July 4: Independence Day for the U.S.A. Both Thomas Jefferson and John Quincy Adams both die on this day in 1826. Jefferson in Monticello, Adams in Quincy, Mass.

July 5: On this day in 1924, Nikos Kazantzakis returns to Crete from Berlin and begins working on his poem The Odyssey: A Modern Sequel which when translated finally into English 20 years later in 1958 is called “a masterpiece of literature” and a book of “singular power and power” by Time Magazine.

July 6: William S. Porter boards a train headed for New Orleans on this day in 1895 hoping to flee to South America after being charged with embezzlement. But his escape is thwarted and Porter is jailed and becomes O. Henry, master of the short story.

July 7: The birth of a literary character occurs on this day. Dr. John H. Watson, Sherlock Holmes’ companion, is born on this day in 1852. In Edinburgh, at the College of Surgeons museum, there is currently an exhibit of the real life origins of Holmes and Watson. Dr. Joseph Bell was the inspiration for Holmes and Dr. Patrick Heron Watson shared many of the biographical background of John H. Watson.
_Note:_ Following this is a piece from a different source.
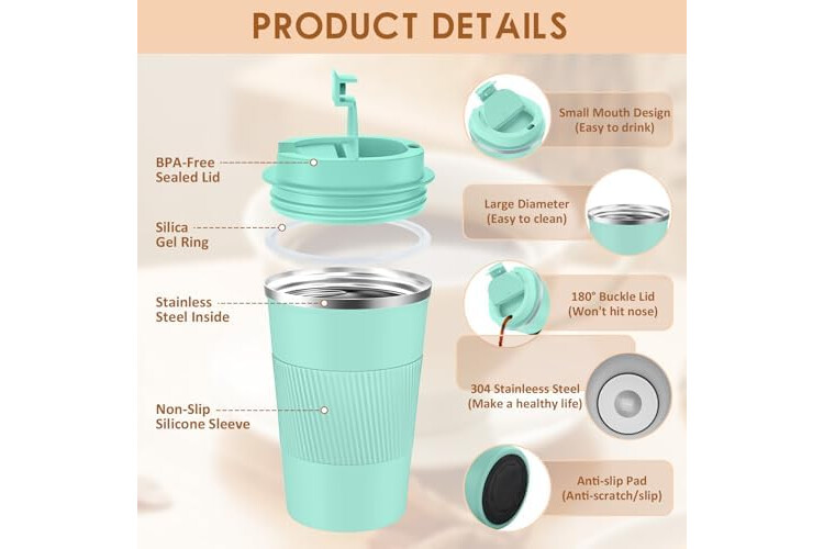 【Hochwertiges Material】KETIEE Travel Mug besteht aus hochwertigem 304 Edelstahl, ist sicher und langlebig und hält das Getränk ohne besonderen Geruch. Die neu verbesserte Anti-Rutsch-Schutzhülle verhindert das Herunterfallen des Bechers. Der Boden der Kaffeetasse aus Edelstahl Travel hat eine Gummisohle, um Kratzer oder Rutschen auf der Oberfläche zu vermeiden.

July 8: Red Cross volunteer Ernest Hemingway is wounded in the trenches near Fossalta, Italy on this day in 1918. His recovery will be memorialized in fiction later in A Farewell to Arms.

July 9: A month after starting the diary she had begun writing in on her 13th birthday, Anne Frank and her family, along with four other Jews, go into hiding on this day in 1942 in the warehouse behind her father’s business in Amsterdam.

July 10: Canadian-born Saul Bellow, the winner of the Nobel Prize for literature in 1976, is born in Lachine, Quebec to Russian emigre parents.